***** DATA SUPPLIED *****

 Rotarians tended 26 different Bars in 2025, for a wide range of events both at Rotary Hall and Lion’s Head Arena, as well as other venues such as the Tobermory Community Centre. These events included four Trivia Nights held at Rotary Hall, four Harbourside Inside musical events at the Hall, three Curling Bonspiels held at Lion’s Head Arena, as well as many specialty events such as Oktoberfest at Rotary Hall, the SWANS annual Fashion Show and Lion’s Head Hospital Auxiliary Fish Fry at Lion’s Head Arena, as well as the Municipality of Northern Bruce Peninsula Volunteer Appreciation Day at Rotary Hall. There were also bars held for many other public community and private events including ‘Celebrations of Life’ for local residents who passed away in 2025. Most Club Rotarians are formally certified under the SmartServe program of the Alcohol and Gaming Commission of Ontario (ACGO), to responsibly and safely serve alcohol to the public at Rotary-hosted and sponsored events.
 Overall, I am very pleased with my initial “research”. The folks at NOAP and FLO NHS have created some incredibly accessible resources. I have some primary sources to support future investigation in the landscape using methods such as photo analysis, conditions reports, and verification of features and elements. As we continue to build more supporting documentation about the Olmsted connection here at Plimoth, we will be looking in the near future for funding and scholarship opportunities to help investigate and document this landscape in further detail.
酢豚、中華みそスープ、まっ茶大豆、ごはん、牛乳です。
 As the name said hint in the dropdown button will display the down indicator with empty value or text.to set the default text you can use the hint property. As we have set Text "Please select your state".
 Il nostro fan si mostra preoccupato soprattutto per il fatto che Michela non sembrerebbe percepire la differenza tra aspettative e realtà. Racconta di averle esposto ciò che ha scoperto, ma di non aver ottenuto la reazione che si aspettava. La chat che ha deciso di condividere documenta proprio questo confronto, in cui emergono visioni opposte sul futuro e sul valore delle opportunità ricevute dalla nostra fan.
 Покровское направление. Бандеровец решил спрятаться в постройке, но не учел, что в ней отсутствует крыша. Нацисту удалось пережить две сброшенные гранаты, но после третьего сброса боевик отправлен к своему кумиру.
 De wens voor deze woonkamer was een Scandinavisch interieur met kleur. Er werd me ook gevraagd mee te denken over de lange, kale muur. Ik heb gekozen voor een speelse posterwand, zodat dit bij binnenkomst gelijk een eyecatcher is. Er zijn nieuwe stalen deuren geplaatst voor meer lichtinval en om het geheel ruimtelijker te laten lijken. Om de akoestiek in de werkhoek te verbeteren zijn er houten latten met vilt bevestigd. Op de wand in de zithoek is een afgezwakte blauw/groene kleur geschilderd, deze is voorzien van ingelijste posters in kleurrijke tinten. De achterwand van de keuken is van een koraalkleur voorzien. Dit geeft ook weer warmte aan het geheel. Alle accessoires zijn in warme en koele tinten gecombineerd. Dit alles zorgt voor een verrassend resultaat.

*****

## WHAT IS REQUIRED
Copy the entries word for word.

## RESPONSE
 Rotarians tended 26 different Bars in 2025, for a wide range of events both at Rotary Hall and Lion’s Head Arena, as well as other venues such as the Tobermory Community Centre. These events included four Trivia Nights held at Rotary Hall, four Harbourside Inside musical events at the Hall, three Curling Bonspiels held at Lion’s Head Arena, as well as many specialty events such as Oktoberfest at Rotary Hall, the SWANS annual Fashion Show and Lion’s Head Hospital Auxiliary Fish Fry at Lion’s Head Arena, as well as the Municipality of Northern Bruce Peninsula Volunteer Appreciation Day at Rotary Hall. There were also bars held for many other public community and private events including ‘Celebrations of Life’ for local residents who passed away in 2025. Most Club Rotarians are formally certified under the SmartServe program of the Alcohol and Gaming Commission of Ontario (ACGO), to responsibly and safely serve alcohol to the public at Rotary-hosted and sponsored events.
 Overall, I am very pleased with my initial “research”. The folks at NOAP and FLO NHS have created some incredibly accessible resources. I have some primary sources to support future investigation in the landscape using methods such as photo analysis, conditions reports, and verification of features and elements. As we continue to build more supporting documentation about the Olmsted connection here at Plimoth, we will be looking in the near future for funding and scholarship opportunities to help investigate and document this landscape in further detail.
酢豚、中華みそスープ、まっ茶大豆、ごはん、牛乳です。
 As the name said hint in the dropdown button will display the down indicator with empty value or text.to set the default text you can use the hint property. As we have set Text "Please select your state".
 Il nostro fan si mostra preoccupato soprattutto per il fatto che Michela non sembrerebbe percepire la differenza tra aspettative e realtà. Racconta di averle esposto ciò che ha scoperto, ma di non aver ottenuto la reazione che si aspettava. La chat che ha deciso di condividere documenta proprio questo confronto, in cui emergono visioni opposte sul futuro e sul valore delle opportunità ricevute dalla nostra fan.
 Покровское направление. Бандеровец решил спрятаться в постройке, но не учел, что в ней отсутствует крыша. Нацисту удалось пережить две сброшенные гранаты, но после третьего сброса боевик отправлен к своему кумиру.
 De wens voor deze woonkamer was een Scandinavisch interieur met kleur. Er werd me ook gevraagd mee te denken over de lange, kale muur. Ik heb gekozen voor een speelse posterwand, zodat dit bij binnenkomst gelijk een eyecatcher is. Er zijn nieuwe stalen deuren geplaatst voor meer lichtinval en om het geheel ruimtelijker te laten lijken. Om de akoestiek in de werkhoek te verbeteren zijn er houten latten met vilt bevestigd. Op de wand in de zithoek is een afgezwakte blauw/groene kleur geschilderd, deze is voorzien van ingelijste posters in kleurrijke tinten. De achterwand van de keuken is van een koraalkleur voorzien. Dit geeft ook weer warmte aan het geheel. Alle accessoires zijn in warme en koele tinten gecombineerd. Dit alles zorgt voor een verrassend resultaat.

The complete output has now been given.